The list names 39 clinics across the U.S. To be included on the list an institution must:

  • Have a dedicated time and place for a clinic designed to treat survivors of childhood cancer.
  • Meet at least twice a month.
  • Have a clinic coordinator (usually a nurse practitioner with special interest and skills in treating survivors).
  • Be staffed by a doctor with experience in the late effects after treatment for childhood cancer.
  • Provide state-of-the-art screening for individual's risks of late effects.
  • Refer survivors to appropriate specialists (endocrinologists, cardiologists, etc).
  • Provide wellness education.

Some examples of late effects after cure from childhood cancer are:

  • Breast cancer at an early age in female Hodgkin's survivors who received mantle radiation (chest and neck) in their teens.
  • Heart disease after treatment with chemotherapy (anthracyclines) or high-dose chest radiation.
  • Learning disabilities in survivors treated with radiation and/or chemotherapy to the brain.
  • Second cancers from chemotherapy drugs or radiation used to cure the first cancer.
  • Symptoms of posttraumatic stress syndrome in survivors and their parents.
  • Infection with the hepatitis C virus in some survivors who received transfusions prior to 1993.

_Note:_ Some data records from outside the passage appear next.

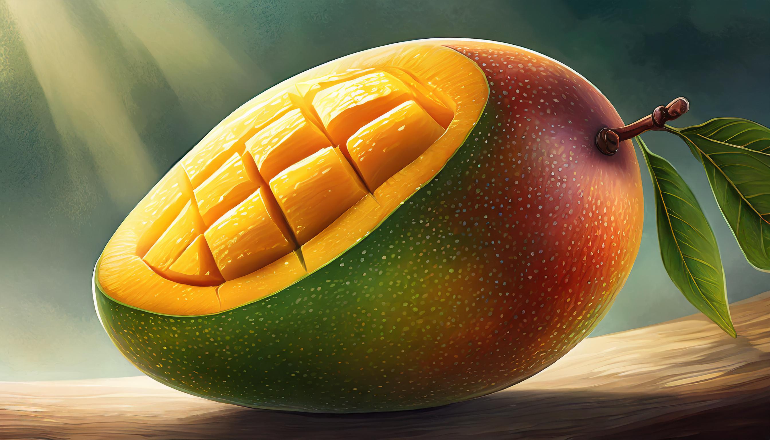 A highly detailed and realistic image of a single mango isolated on a plain white background. The fruit occupies the entire frame without exceeding its boundaries. The mango is whole, not cut in half, and there is only one mango. The image is very precise, showcasing the texture of the mango's skin. The mango is illuminated by soft light, highlighting its shape without leaves.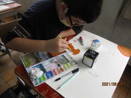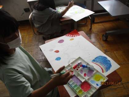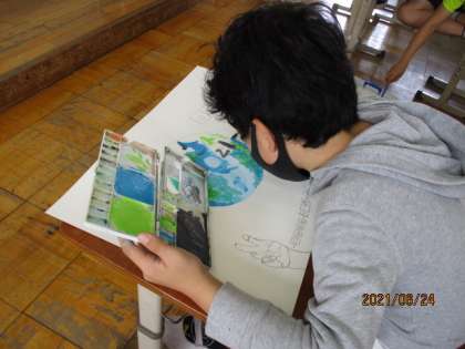 一つひとつを丁寧に塗る姿がとてもすてきです!「どうしてここにこれを描いたの?」と尋ねると,しっかりと自分の思いを語ってくれます。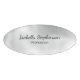 A simple, minimalist name tag design with a silver, pearl effect background. The black typography can be easily customized with your name and profession.
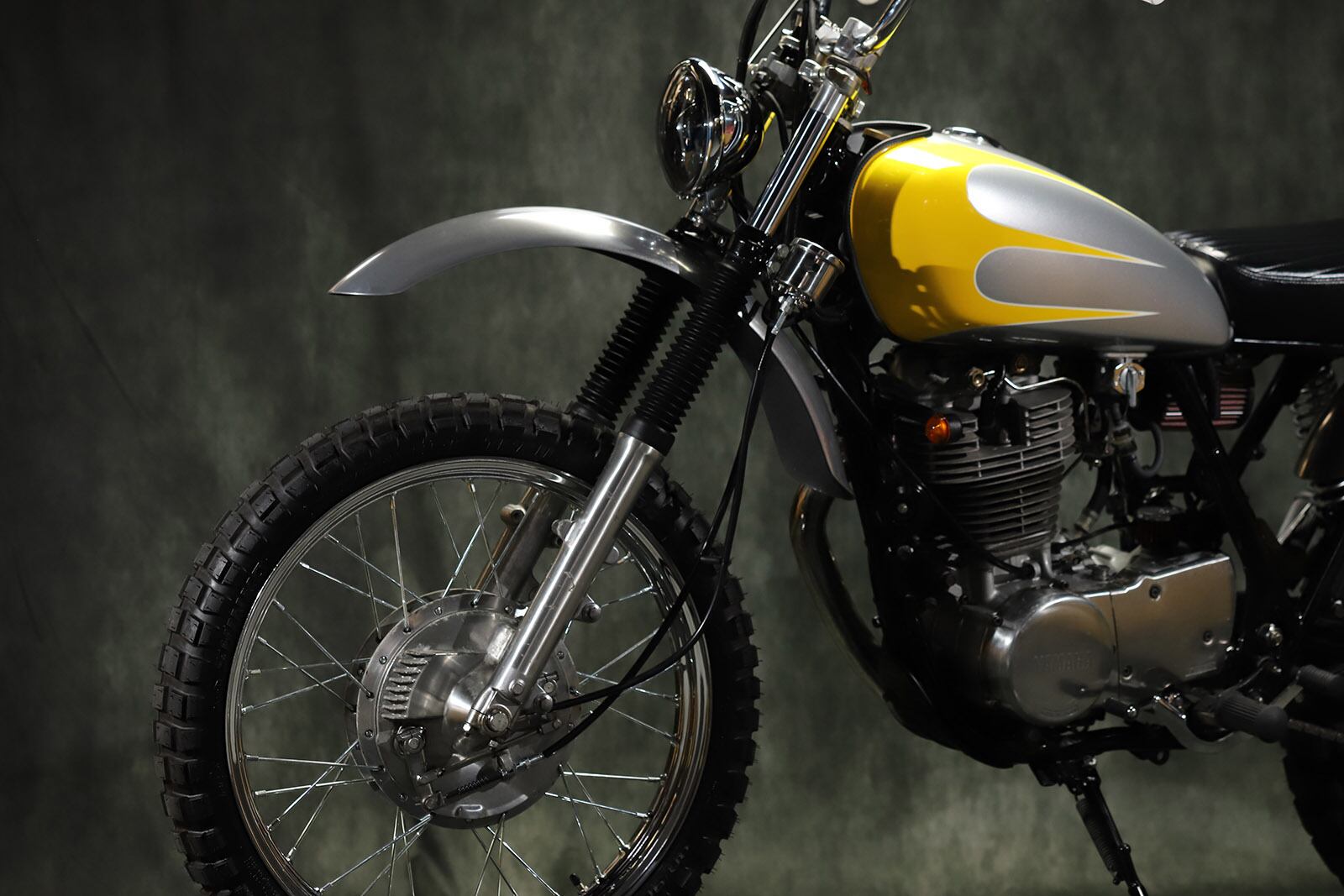 FRP black gel coat finish up fender kit for SR400/500 recommended for VMX style. Compatible with 21 inches and anti-vibration rubber mount. Installation is at the bottom of the understem, and in the case of Bates light stays, it is installed by tightening together. *Genuine light stay not available.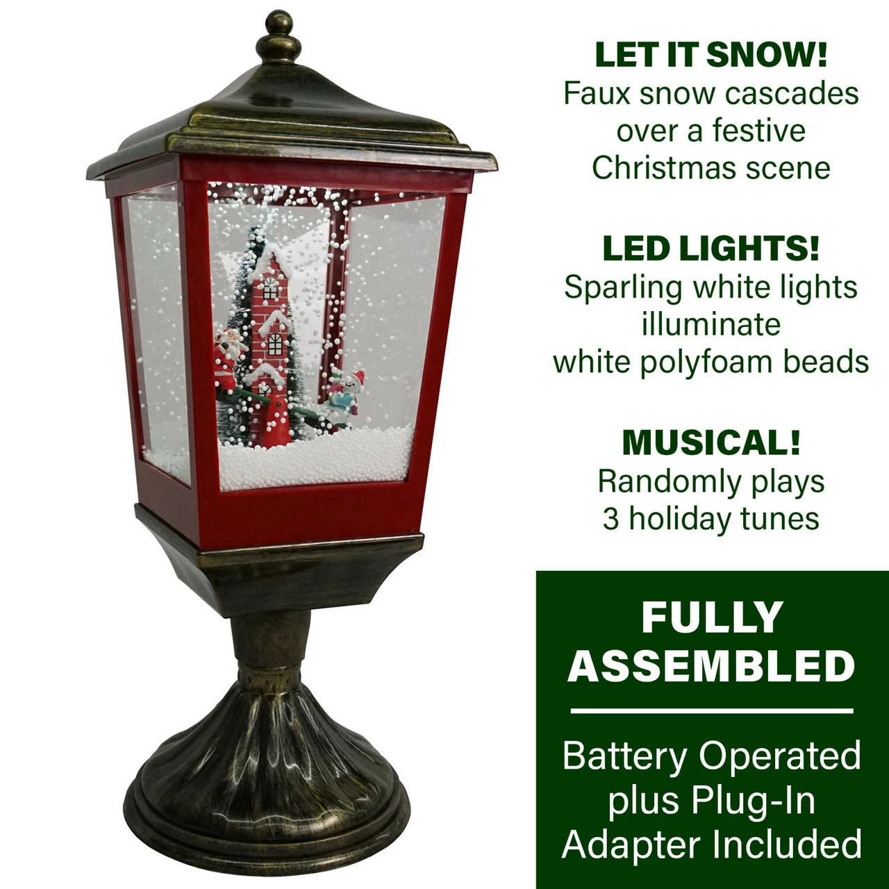 Capture the magic of falling snow with this 20.5-inch musical tabletop lamp from the Let It Snow series by Fraser Hill Farm, where all products produce flurries of faux snow that fall over various holiday scenes. Sparkling white LED lights illuminate the polyfoam beads cascading over Santa and a snowman on a seesaw. Three popular Christmas tunes (Jingleย Bells, Weย Wishย Youย aย Merryย Christmas, and Oh!ย Christmasย Tree) play randomly while the artificial snow flutters inside the lantern. You can enjoy the lights and snowfall with or without music. This snowy lantern on a pedestal will help create a magical winter wonderland on your fireplace mantel or holiday display table. Plug it in or use 3 AA batteries, then let it snow!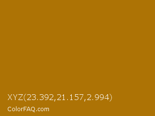 XYZ 23.392,21.157,2.994 Color is a normal orange color and the nearest color is Mai Tai #b06608. Hex code #ad7305 and RGB value is rgb(173,115,5). In RGB color space, this color is composed of 68% red, 45% green, 2% blue, In CMYK color space, this color is composed of 0% cyan, 34% magenta, 97% yellow , 32% black , In HSL color space, this color has a hue angle of 39° , 94% saturation and 35% lightness.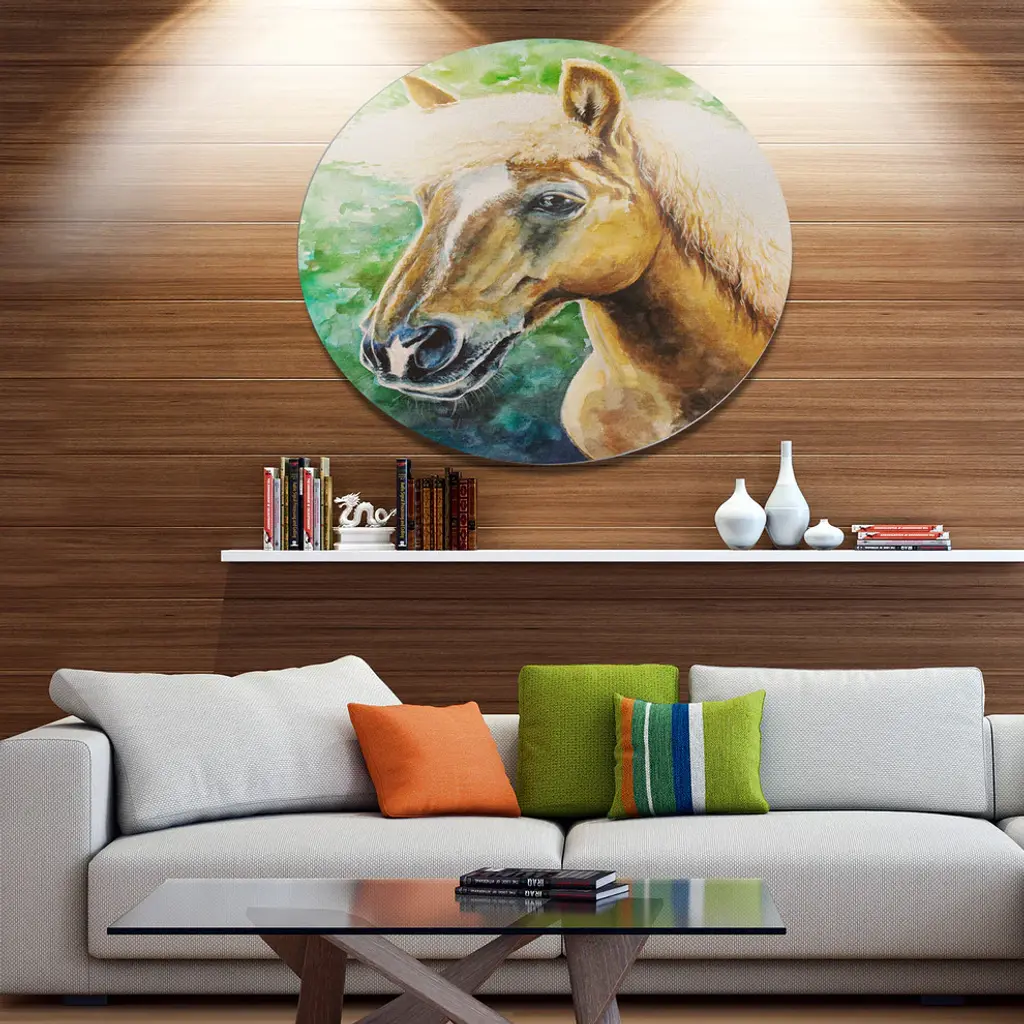 Bring Contemporary Abstraction to your home with this large Circle Metal wall art. This Large Hafliner Horse Metal Artwork makes it the focal point of any room or office. - White Gloss Coating ensures colors are extra vibrant with light reflection.- Aluminum grade Sheet Metal with 1 inch mounting frame on the back giving the illusion that the artwork is floating on the wall..- Mounting Brackets are included along with instructions.- High Quality Digital images are created directly into a glossy aluminum panel producing a stunning and captivating print into the glossy finish of the metal.- Water, Fire and Scratch resistant HD Aluminum panels.- Looks better than any photo paper and guaranteed to last at least 20 years- Easy to clean with a microfiber cloth. Colors are far superior to regular Canvas Art. - Easy to Hang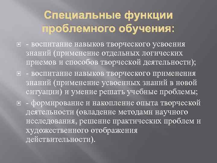 Специальные функции проблемного обучения: - воспитание навыков творческого усвоения знаний (применение отдельных логических приемов и способов творческой деятельности); - воспитание навыков творческого применения знаний (применение усвоенных знаний в новой ситуации) и умение решать учебные проблемы; - формирование и накопление опыта творческой деятельности (овладение методами научного исследования, решение практических проблем и художественного отображения действительности).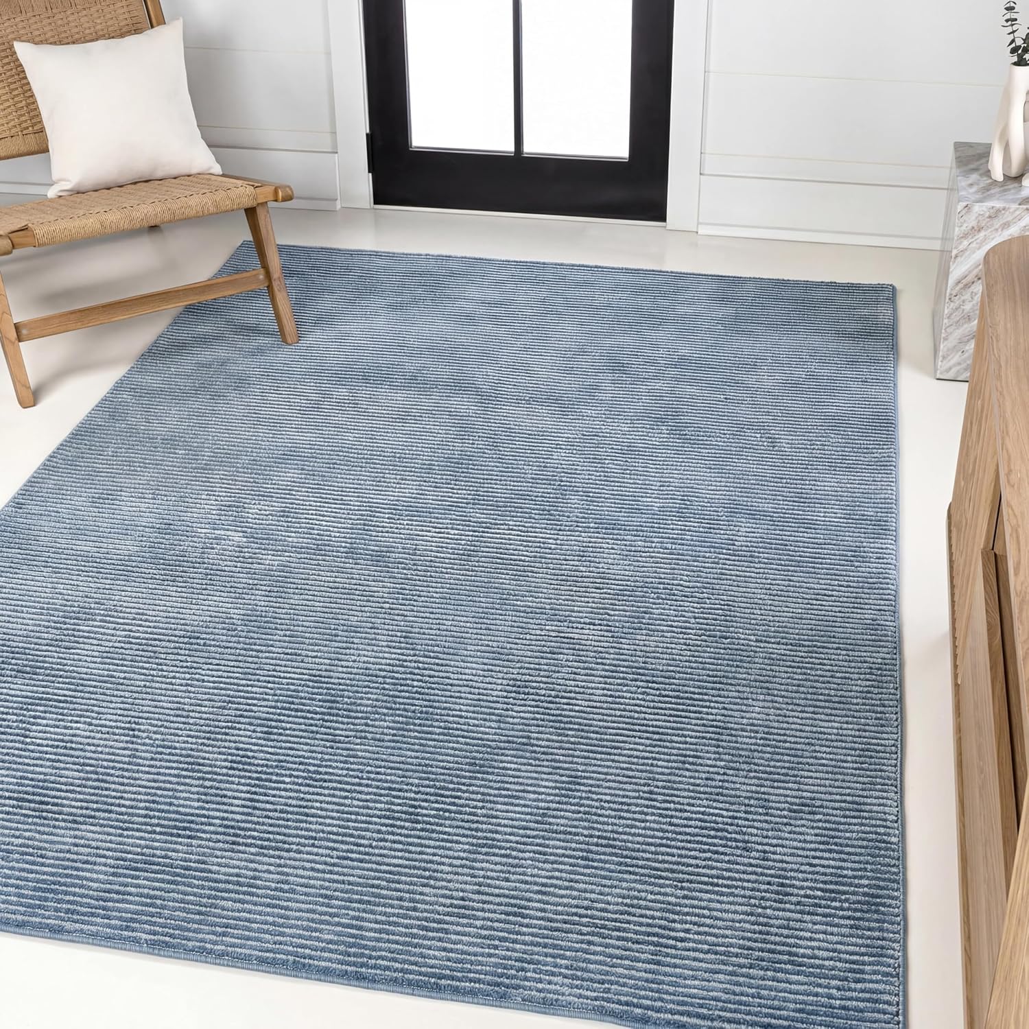 The low-key stripe pattern of this rug is the perfect backdrop for almost any traditional or farmhouse-inspired interior. The two-tone design has a modern, minimalist vibe that is woven from soft, durable yarn in a high-low pile that accentuates the pattern. Easy-care synthetic fibers make this rug a family-friendly choice too. Please note that variations in the rug's appearance may occur when the fibers are brushed due to natural light reflection and weaving characteristics.

Survivors need experienced help and advice to make the most of their life after cure. "Many of the 250 emails and phone calls we receive weekly are from survivors," said Ruth Hoffman, Executive Director of The Candlelighters Childhood Cancer Foundation. "Survivors need expert follow-up from trained professionals to improve quality of life through early detection and intervention for late effects from treatment. We now send them this list so that they can get the care they deserve."